What the exercise asks:
From the line with "Detailed view of" through the line with "Locate the Driver's", repeat the entries verbatim, both end lines included, and add nothing.

Extracted information:
• • •
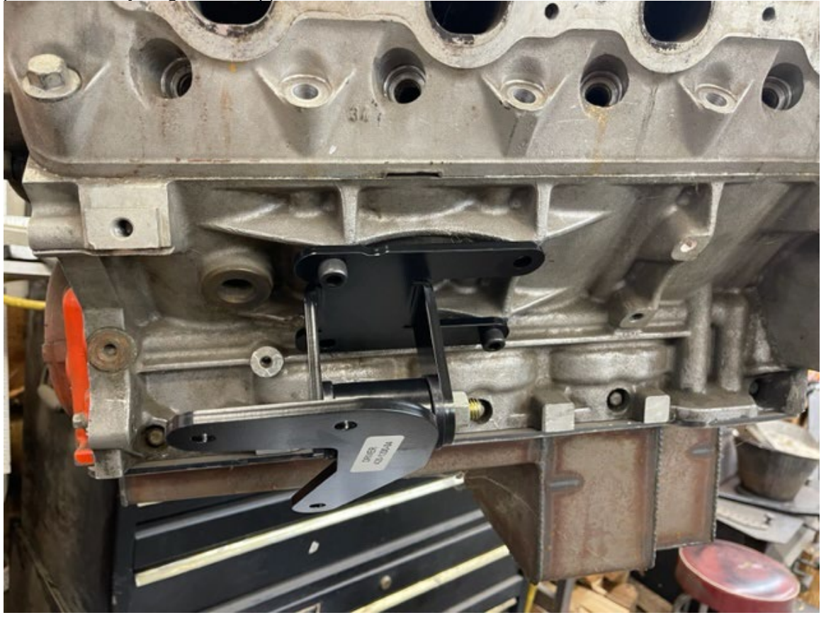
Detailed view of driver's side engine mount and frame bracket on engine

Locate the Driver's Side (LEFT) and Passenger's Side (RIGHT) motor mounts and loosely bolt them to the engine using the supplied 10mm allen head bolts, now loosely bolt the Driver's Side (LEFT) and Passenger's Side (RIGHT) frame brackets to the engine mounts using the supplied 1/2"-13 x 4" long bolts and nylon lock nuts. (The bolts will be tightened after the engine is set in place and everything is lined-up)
• • •
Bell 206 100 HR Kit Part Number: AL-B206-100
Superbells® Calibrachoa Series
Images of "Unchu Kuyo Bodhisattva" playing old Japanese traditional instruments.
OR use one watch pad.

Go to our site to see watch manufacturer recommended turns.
• • •
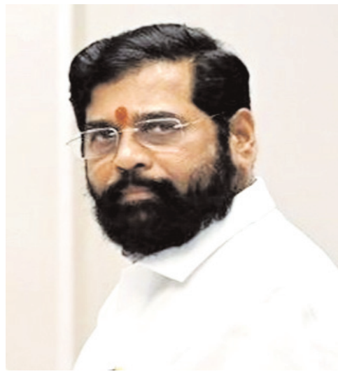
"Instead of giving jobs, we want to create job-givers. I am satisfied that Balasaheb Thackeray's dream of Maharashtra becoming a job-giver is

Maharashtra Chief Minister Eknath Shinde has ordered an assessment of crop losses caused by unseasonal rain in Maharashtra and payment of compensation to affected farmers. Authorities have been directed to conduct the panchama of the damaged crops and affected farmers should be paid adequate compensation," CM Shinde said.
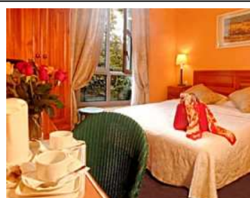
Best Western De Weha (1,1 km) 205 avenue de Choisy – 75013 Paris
• • •
Solution to this problem:
Detailed view of driver's side engine mount and frame bracket on engine

Locate the Driver's Side (LEFT) and Passenger's Side (RIGHT) motor mounts and loosely bolt them to the engine using the supplied 10mm allen head bolts, now loosely bolt the Driver's Side (LEFT) and Passenger's Side (RIGHT) frame brackets to the engine mounts using the supplied 1/2"-13 x 4" long bolts and nylon lock nuts. (The bolts will be tightened after the engine is set in place and everything is lined-up)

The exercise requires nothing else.